■ Task directions ■
Starting at the line with "La cabine pour" and ending at the line with "Meet 広島オープンアクセラレーター Gov-Tech-Challenge」を実施します。", print exactly the lines of the entries below. Pictures do not belong in the copy.

■ Task material ■

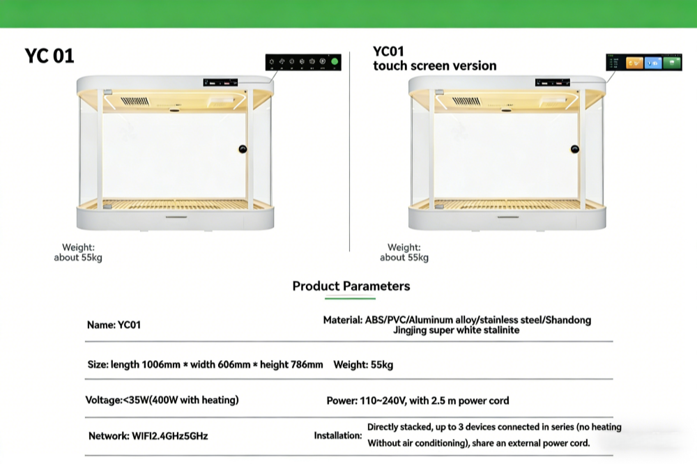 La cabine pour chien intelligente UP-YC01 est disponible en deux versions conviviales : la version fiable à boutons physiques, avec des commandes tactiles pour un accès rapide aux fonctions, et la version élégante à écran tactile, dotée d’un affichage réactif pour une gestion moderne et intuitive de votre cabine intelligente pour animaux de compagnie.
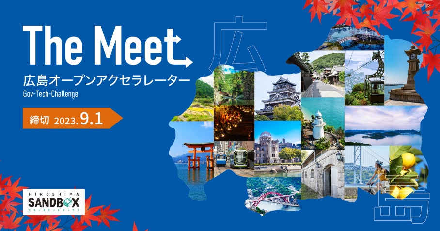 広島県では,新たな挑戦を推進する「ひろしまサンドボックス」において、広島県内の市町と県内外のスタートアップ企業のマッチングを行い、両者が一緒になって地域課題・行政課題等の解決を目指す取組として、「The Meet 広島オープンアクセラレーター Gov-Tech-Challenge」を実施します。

---

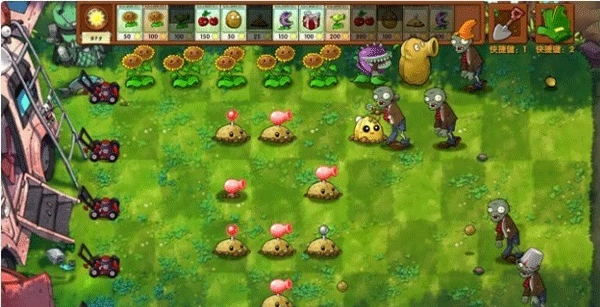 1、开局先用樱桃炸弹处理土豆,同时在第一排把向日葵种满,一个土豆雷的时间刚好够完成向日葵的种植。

* * *

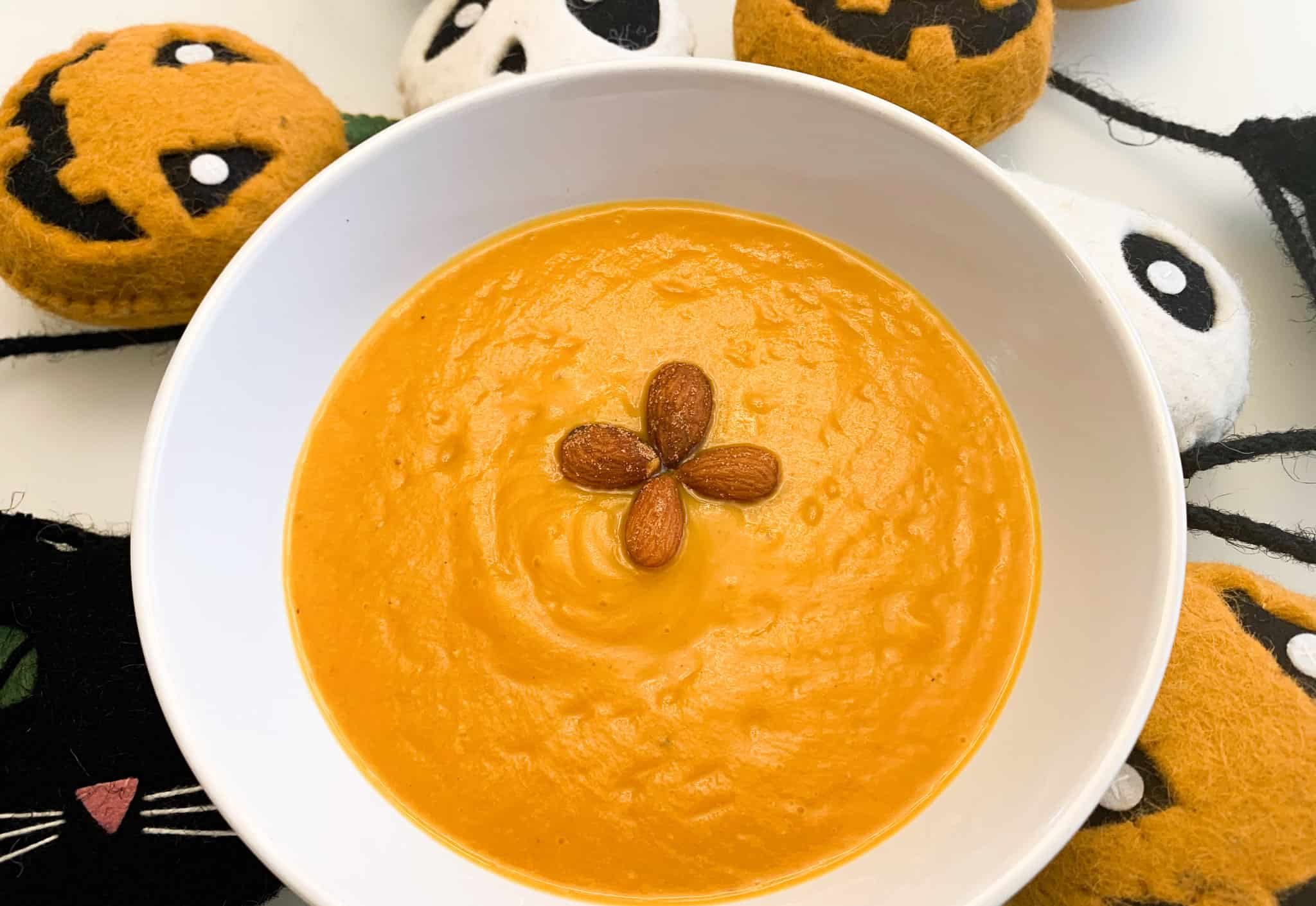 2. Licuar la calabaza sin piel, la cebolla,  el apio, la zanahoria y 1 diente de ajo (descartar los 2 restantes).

■ Finished exercise ■
 La cabine pour chien intelligente UP-YC01 est disponible en deux versions conviviales : la version fiable à boutons physiques, avec des commandes tactiles pour un accès rapide aux fonctions, et la version élégante à écran tactile, dotée d’un affichage réactif pour une gestion moderne et intuitive de votre cabine intelligente pour animaux de compagnie.
 広島県では,新たな挑戦を推進する「ひろしまサンドボックス」において、広島県内の市町と県内外のスタートアップ企業のマッチングを行い、両者が一緒になって地域課題・行政課題等の解決を目指す取組として、「The Meet 広島オープンアクセラレーター Gov-Tech-Challenge」を実施します。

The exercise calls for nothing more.